WORK TASK — Keep the pictures out. Copy every line of the listing exactly.

GIVEN MATERIAL —
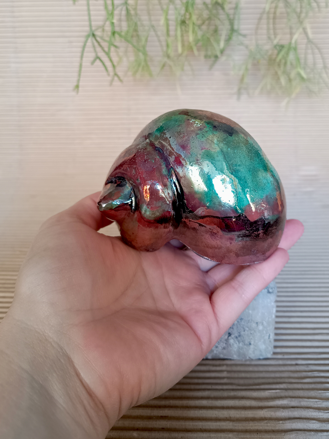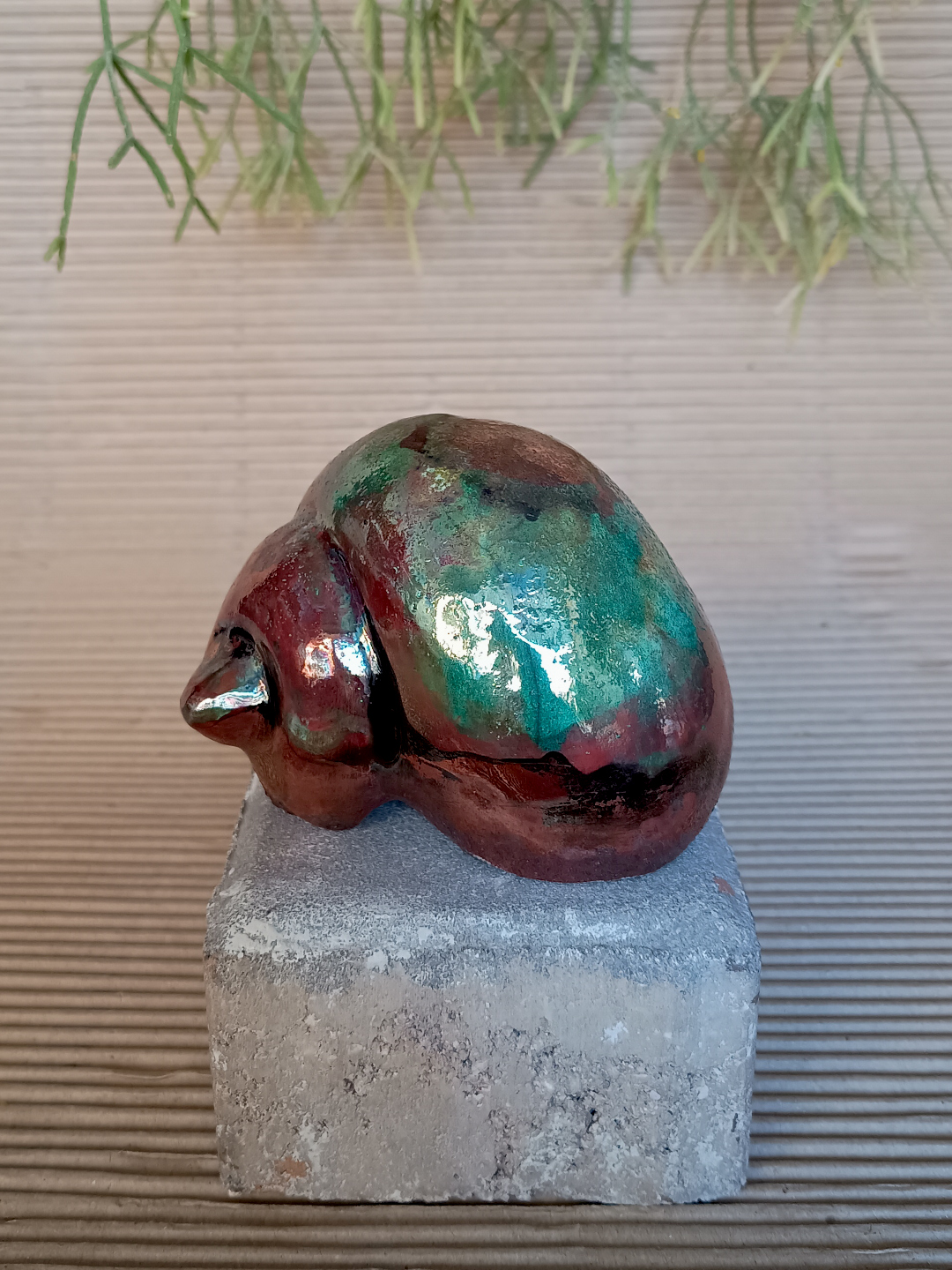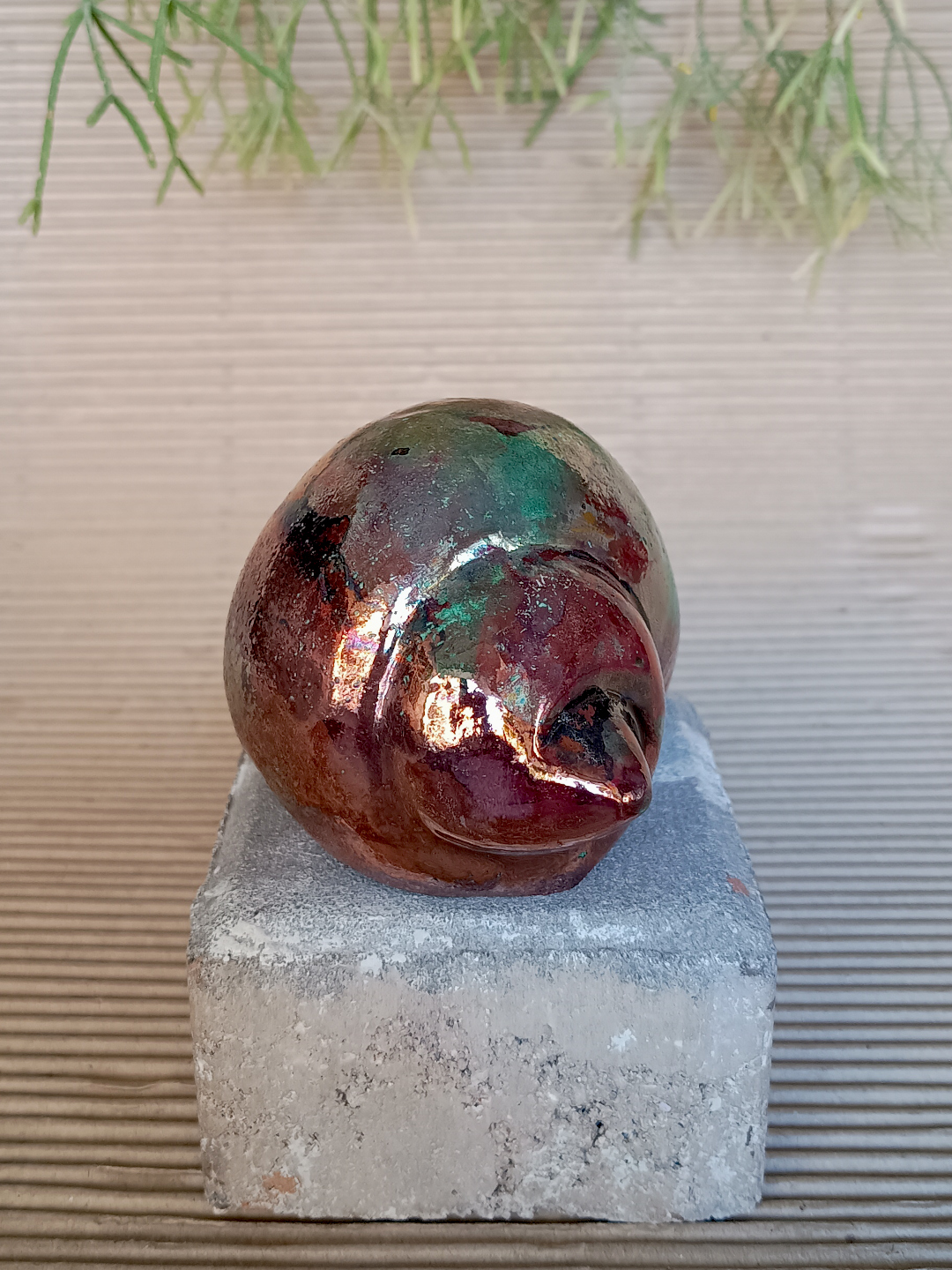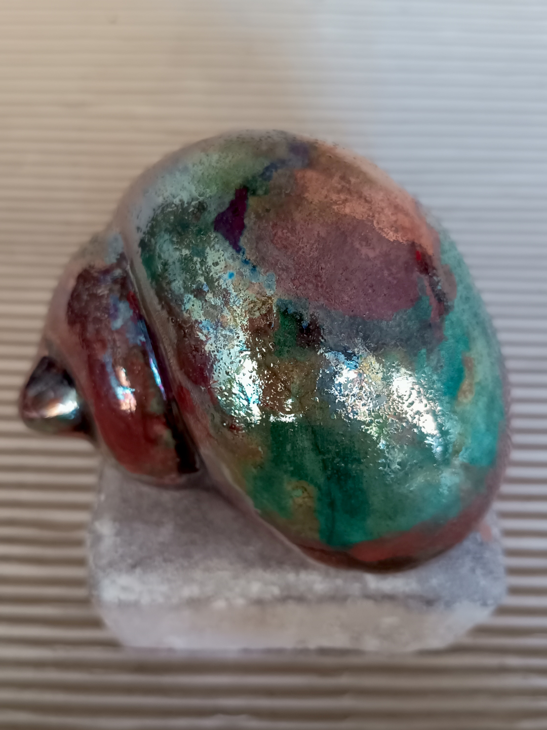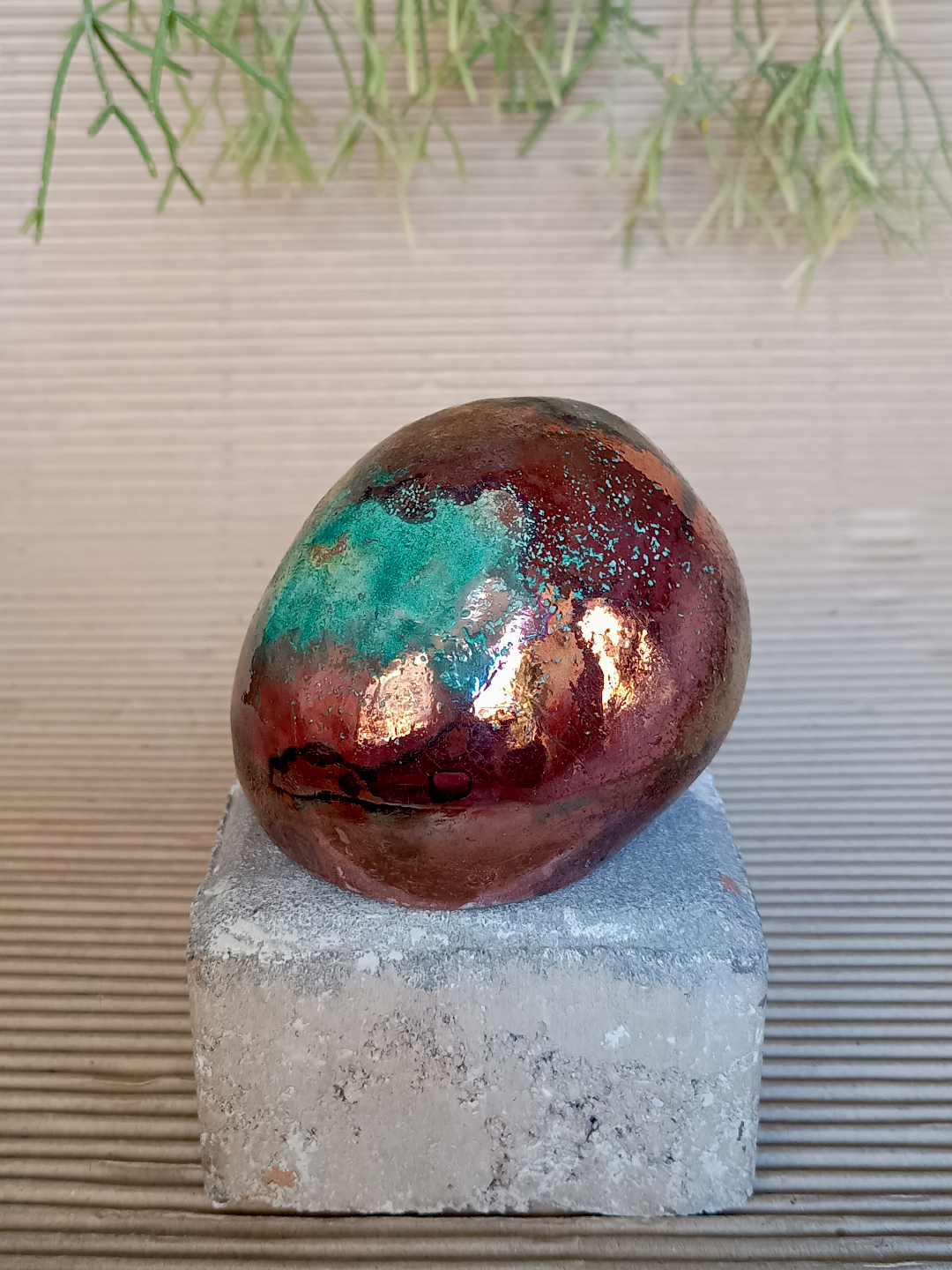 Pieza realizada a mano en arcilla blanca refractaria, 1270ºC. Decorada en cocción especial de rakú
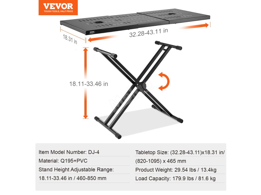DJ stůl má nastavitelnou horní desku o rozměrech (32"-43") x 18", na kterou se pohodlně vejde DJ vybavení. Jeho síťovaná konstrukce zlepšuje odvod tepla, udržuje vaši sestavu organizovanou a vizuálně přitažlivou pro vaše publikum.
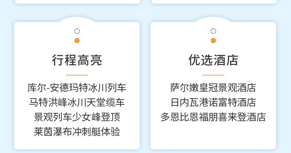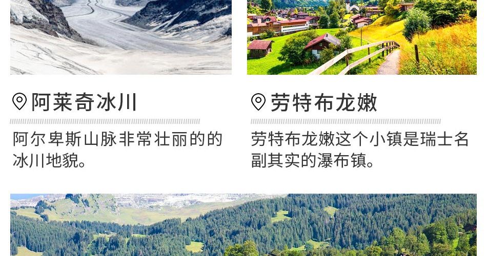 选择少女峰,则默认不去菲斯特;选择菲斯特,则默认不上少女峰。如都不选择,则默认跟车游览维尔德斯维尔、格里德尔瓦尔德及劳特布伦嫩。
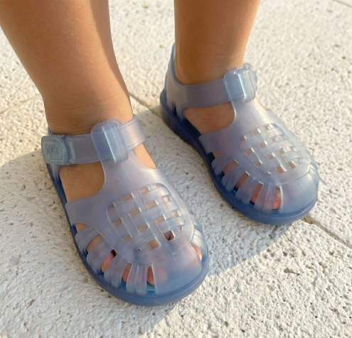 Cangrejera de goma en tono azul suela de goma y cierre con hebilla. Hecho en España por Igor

SOLUTION TO THIS TASK —
 Pieza realizada a mano en arcilla blanca refractaria, 1270ºC. Decorada en cocción especial de rakú
DJ stůl má nastavitelnou horní desku o rozměrech (32"-43") x 18", na kterou se pohodlně vejde DJ vybavení. Jeho síťovaná konstrukce zlepšuje odvod tepla, udržuje vaši sestavu organizovanou a vizuálně přitažlivou pro vaše publikum.
 选择少女峰,则默认不去菲斯特;选择菲斯特,则默认不上少女峰。如都不选择,则默认跟车游览维尔德斯维尔、格里德尔瓦尔德及劳特布伦嫩。
 Cangrejera de goma en tono azul suela de goma y cierre con hebilla. Hecho en España por Igor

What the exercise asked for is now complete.